Historically, the input to Distance Estimation (DE) problems are, typically, the start and end locations in the form of x and y co-ordinates of the locations in the Cartesian plain, or the latitude and longitude in the geographic region. However, determining the actual “road distances” (the physical distance to be traveled on the “roads” built in the community) for an area, is more challenging. These road distances, also synonymously known as traveling distances or “true” distances, can depend on the network, the terrain, the geographical impediments like rivers or canyons, and of course, the direct distance between the respective points – which serves as a lower bound for the “true” distances. The 2DDE and 3DDE problems involve finding the best estimator for these true distances.

This problem has been studied for over four decades, and its solutions have been used in many practical applications, such as in developing vehicle scheduling software, vehicle routing, and in partitioning districts for fire-fighters [1, 2, 7].

Legacy Methods: Distance Estimation Functions.
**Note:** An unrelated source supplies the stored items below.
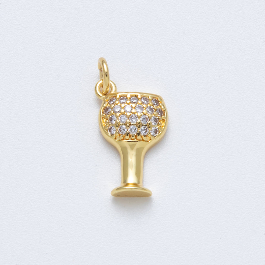 14K Gold Filled 16.6mm Micro Paved CZ Champagne Wine Charm | Charms-00039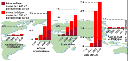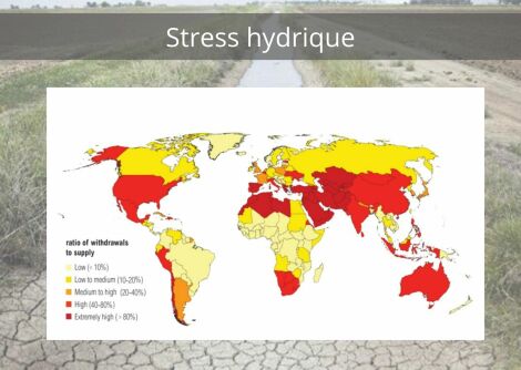 La France offre entre 2.500 et 6.000 m3 d'eau par an à chacun de ses habitants. L'Organisation mondiale de la santé (OMS) parle de stress hydrique lorsque la disponibilité en eau, par an et par habitant, est inférieure à 1.700 m3. Sous le seuil des 1 000 mètres cubes, on parlera de pénurie d'eau. Attention, le risque de stress hydrique ne plane pas que sur les pays chauds. Il concerne également des pays froids où le gel peut bloquer l'accès à l'eau liquide. Selon les prévisions du World Resources Institute, d'ici 2040, 33 pays seront en situation de pénurie d'eau, et la moitié de la planète sera soumise à un stress hydrique élevé.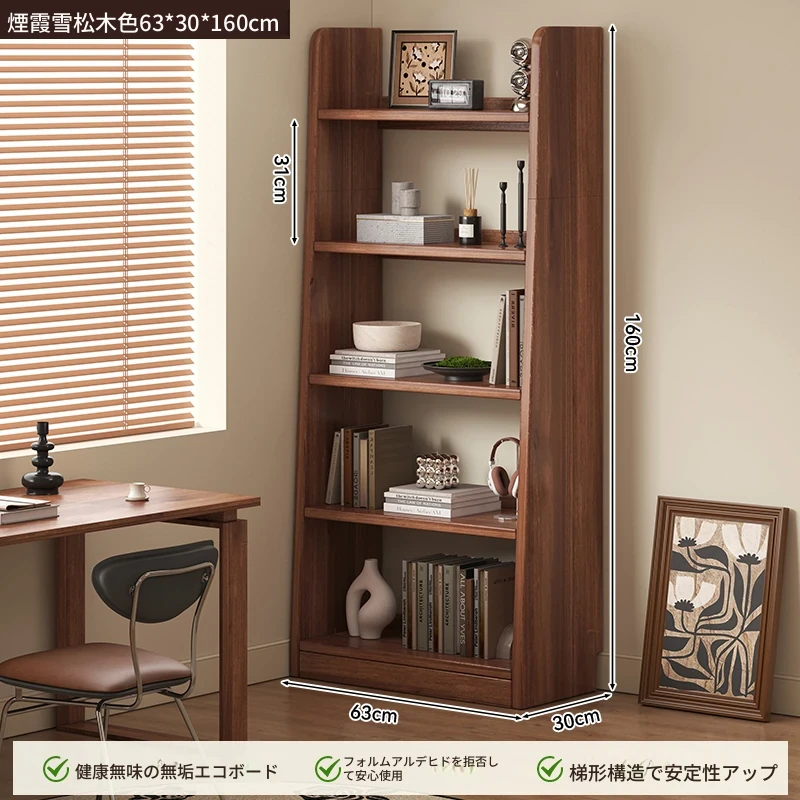 【主図モデル☆五層☆家装品質無垢エコボード】煙霞スプルース木色63*30*160CM-背板なし

To historically do DE, one typically resorts to Distance Estimating Functions (DEFs) [5] which are simultaneously good estimators, characterized by low computations. All these DEFs involved parameters whose values are obtained by a “training” phase to best fit the data of the system being characterized, with some “true” known a priori road distances. The accuracy of the estimations depends on the DEF, the system and the available data.

Our Proposed Approach. In this paper, we apply a new method for determining the DEF, earlier pioneered in [3], namely the Adaptive Tertiary Search (ATS) [6]. The ATS uses Learning Automata (LA) to perform a stochastic search “on a line” to determine the parameter sought for. Our most “daring” step is to completely move away from invoking Goodness-of-Fit (GoF) criteria for the DEFs as has been done for more than four decades [8, 9].
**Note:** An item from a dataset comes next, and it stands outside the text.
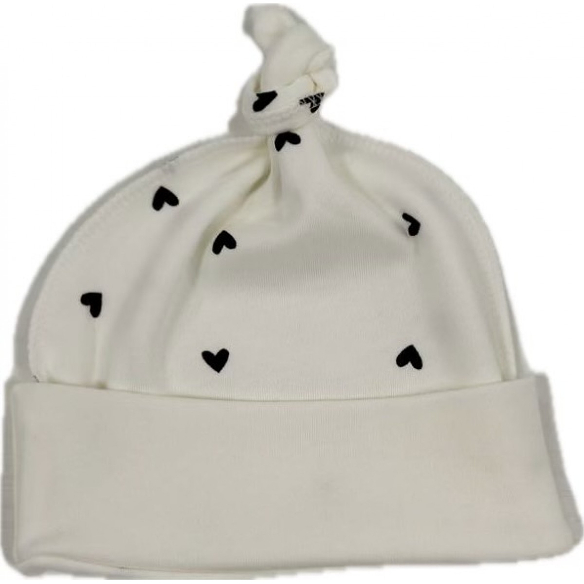 Чепчик с узелком 38-42 см принт: сердечки монохром Т-136

2 Distance Estimation: Core Concepts

DE is a topic that has been extensively studied for more than four decades. Due to space limitations, it is impossible to survey the field here. But we refer the reader to [3] and [4], where it has been surveyed in greater detail.
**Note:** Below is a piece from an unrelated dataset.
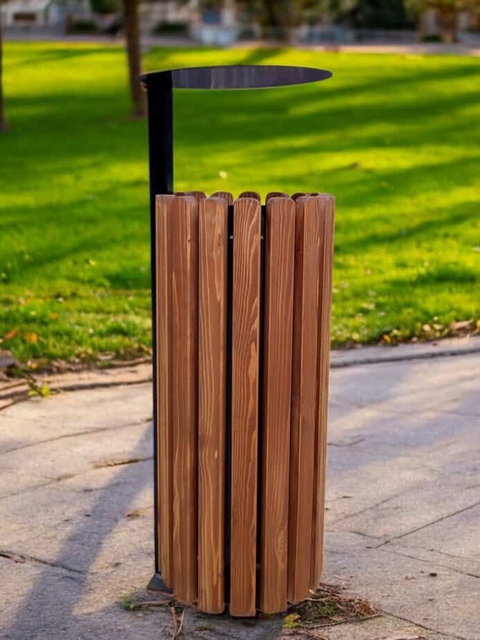 Produsul Cos gunoi lemn cu acoperis este confectionat din metal, acoperit cu lemn. Acoperisul este din metal.

DE is, typically, done by determining the appropriate DEF, which is a mapping from \(R^d \times R^d\) to R. It returns the estimate of the true distance. The inputs to the DEF are the locations of the two points, and it produces an estimate of the distance between them by incorporating the set of parameters into the DEF. This set of parameters is learnt so that the DEF best represents the space.

Definition 1

A Distance Estimation Function (DEF) is defined as a function \(\pi (P_1,P_2|\varLambda ): R^d \times R^d \longrightarrow R\), in which \(P_1=\langle x_1, x_2,...,x_d \rangle \) and \(P_2= \langle y_1,y_2,...,y_d \rangle \) are points in \(R^d\), and \(\varLambda \) is a set of parameters characterizing \(\pi \), learnt using a set of training points with known true inter-point distances.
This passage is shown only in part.